● AIM OF THE TASK
Give back the full listing verbatim, apart from its images.

● DATA SEGMENT
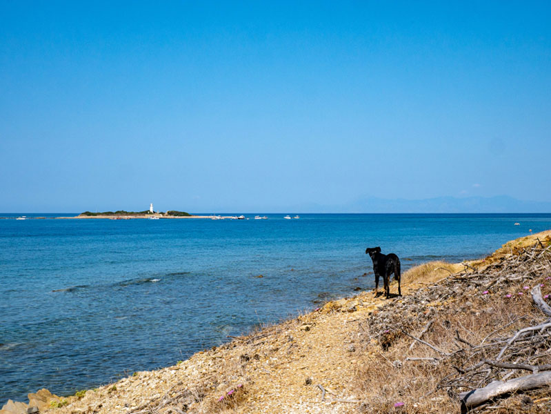Hin und wieder liegt ein Fischerboot versteckt am Ufer. Ein paar Fischer scheinen im Nationalpark noch fischen zu gehen. Von nun an führt unser weg immer am Wasser entlang. Ich liebe es! Küstenwege sind sowieso die schönsten Wanderwege überhaupt – finde ich. Bald stehen wir vor der Insel Licosa, die ich schon von oben erspäht hatte. Von hier aus sieht sie relativ nah aus, doch Petra meint, es seien schon noch einige Kilometer bis dorthin. Ein paar Boote haben direkt vor der Insel geankert. Dort planschen und schnorcheln jetzt vermutlich die Leute, denen das Boot gehört. Oder vielleicht sind auch ein paar Fischerboote darunter, die versuchen etwas zum Mittagessen zu fangen. Ohne Fernglas bin ich mir da nicht so sicher.
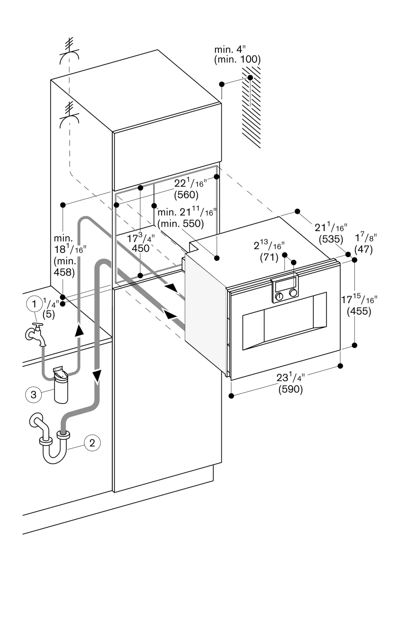 To achieve the 21 5/8" (550 mm) installation depth, the water hoses and connection cable needs to follow the slanted edge on the corner of the housing.
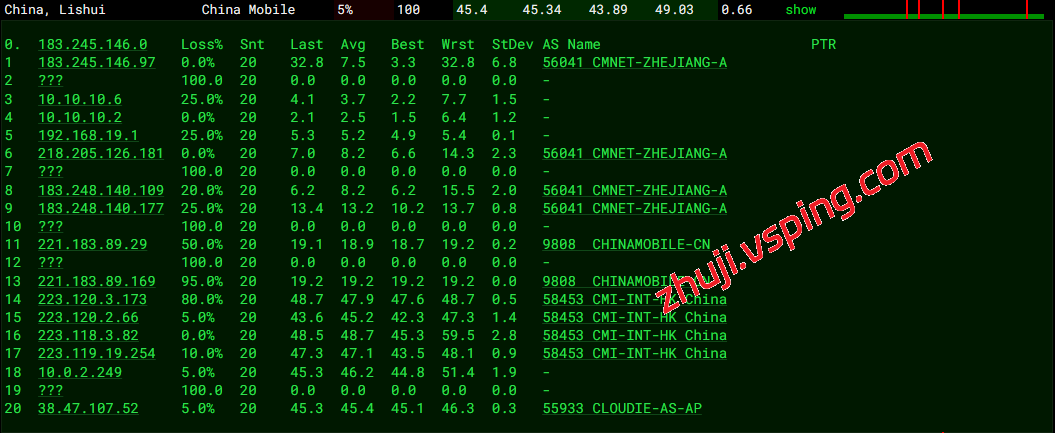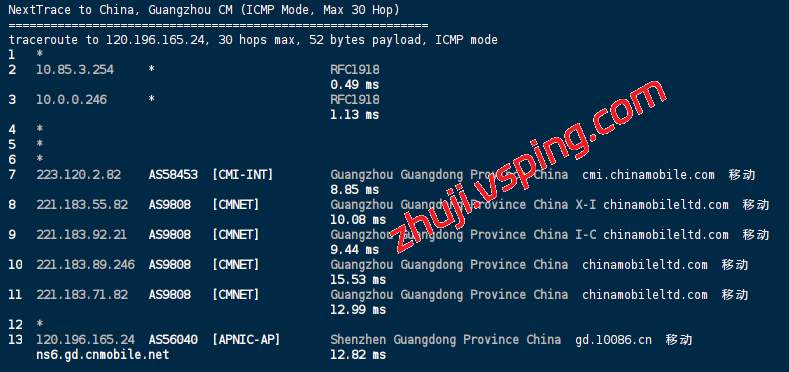 中国移动 (China Mobile): 流量经由 CMI (AS58453) 移动国际骨干网直回,实测延迟稳定在 12ms 左右。

● ANSWER BOX
Hin und wieder liegt ein Fischerboot versteckt am Ufer. Ein paar Fischer scheinen im Nationalpark noch fischen zu gehen. Von nun an führt unser weg immer am Wasser entlang. Ich liebe es! Küstenwege sind sowieso die schönsten Wanderwege überhaupt – finde ich. Bald stehen wir vor der Insel Licosa, die ich schon von oben erspäht hatte. Von hier aus sieht sie relativ nah aus, doch Petra meint, es seien schon noch einige Kilometer bis dorthin. Ein paar Boote haben direkt vor der Insel geankert. Dort planschen und schnorcheln jetzt vermutlich die Leute, denen das Boot gehört. Oder vielleicht sind auch ein paar Fischerboote darunter, die versuchen etwas zum Mittagessen zu fangen. Ohne Fernglas bin ich mir da nicht so sicher.
 To achieve the 21 5/8" (550 mm) installation depth, the water hoses and connection cable needs to follow the slanted edge on the corner of the housing.
 中国移动 (China Mobile): 流量经由 CMI (AS58453) 移动国际骨干网直回,实测延迟稳定在 12ms 左右。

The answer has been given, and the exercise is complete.